With its running time of over two hours, big quasi-religious themes and sombre palette and mood, Mercy will appeal to resilient arthouse audiences who are not adverse to a dark night of the soul every now and again. Originality, though, is not the film’s strong point, and in spite of its impeccable look and production values, it may struggle to gain a foothold even in territories that are receptive to Scandinavian downers.

The exposition is dealt with briskly via split-screen insets that run alongside the opening credits: engineer Niels (Vogel) is taking up a job on a natural gas liquefying plant on an island just across from Hammerfest. After an intertitle telling us, among other Wiki factoids, that between November 22 and January 21 the sun never rises above the horizon in this part of the world, we fast-forward nine months.

Niels is now living in Hammerfest with his wife Maria (Minichmayr) and teenage son Markus (Stange). Maria, who is trying to give the rocky marriage a second chance, has found work as a nurse in a hospice for the terminally ill, while Markus attends a local school, where he is struggling to fit in. Niels, who seems fuelled by a mix of aggression and self-contempt, begins an affair with Linda (Torp), a co-worker at the gas plant, while Maria bonds with Wenche (Bock), her boss at the hospice, who is pregnant but unlucky in love.

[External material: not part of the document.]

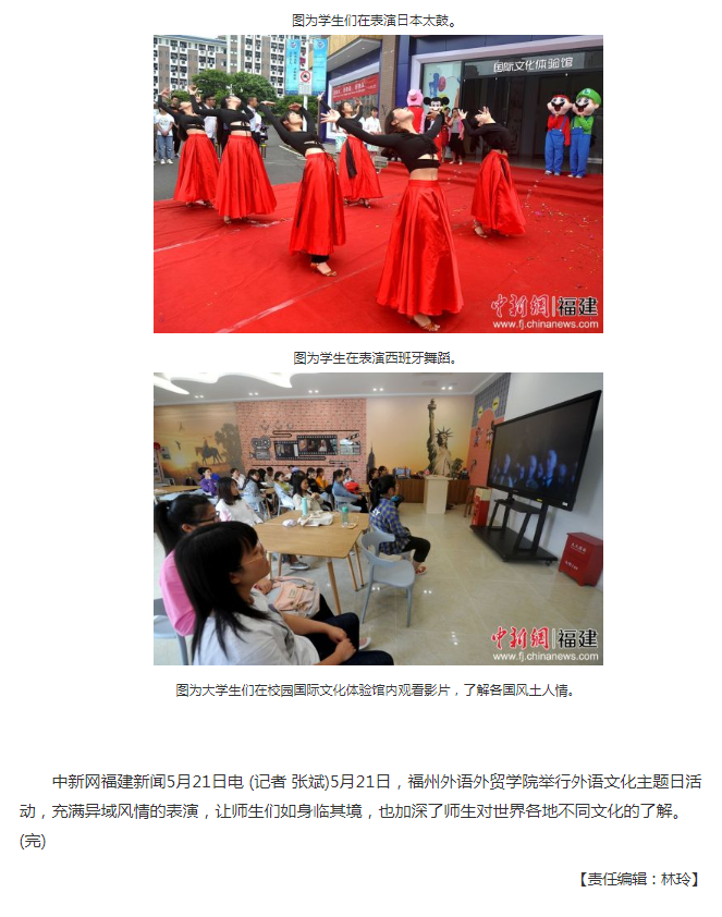 福建日报报道:开馆 福州外语外贸学院设国际文化体...

On the way home after a double shift, Maria runs into something or someone on a dark and snowbound road.  In a state of shock, she drives on rather than stopping to check, and at home confesses to Niels, who drives back to the spot but can find nothing. It’s a dramatic springboard that recalls, down to some of the details, that of Lucrecia Martel’s The Headless Woman – but that film dealt with the consequences in a far less predictable way. Here the developments are harrowing but at the same time feel as if plotted on a flowchart, and at a couple of points – notably in a helicopter conversation between Linda and Niels – the script feels like it’s bullying the characters into saying or doing unlikely things, purely for the sake of story.

Dramatic and thematic sidelights are provided by Maria’s work at the hospice, Markus’ experiences at school, where peer pressure causes him to turn on a fellow misfit, and the church choir where Maria and Wenche sing. The sombre modern choral works they perform leach over into the soundtrack, which racks up the tension, but also the film’s pitch for spiritual heft and existential seriousness, with jangling guitar melodies and ethereal warbles.

Jakub Bejnarowicz’s photography brings out all the beauty and indifference of this winter landscape and the slow thaw into the summer as the action moves from dark and icebound January to the midnight sun of June (a move echoed, naturally, in the film’s moodscape). But the film’s aestheticisation of suffering muffles our identification with two main characters who don’t, in the end, seem that much like you and me. The designer varnish is applied at its thickest in the montage-style ending, which opts for music-video tone painting in sub-Malick style, rather than a dramatically satisfying wrap.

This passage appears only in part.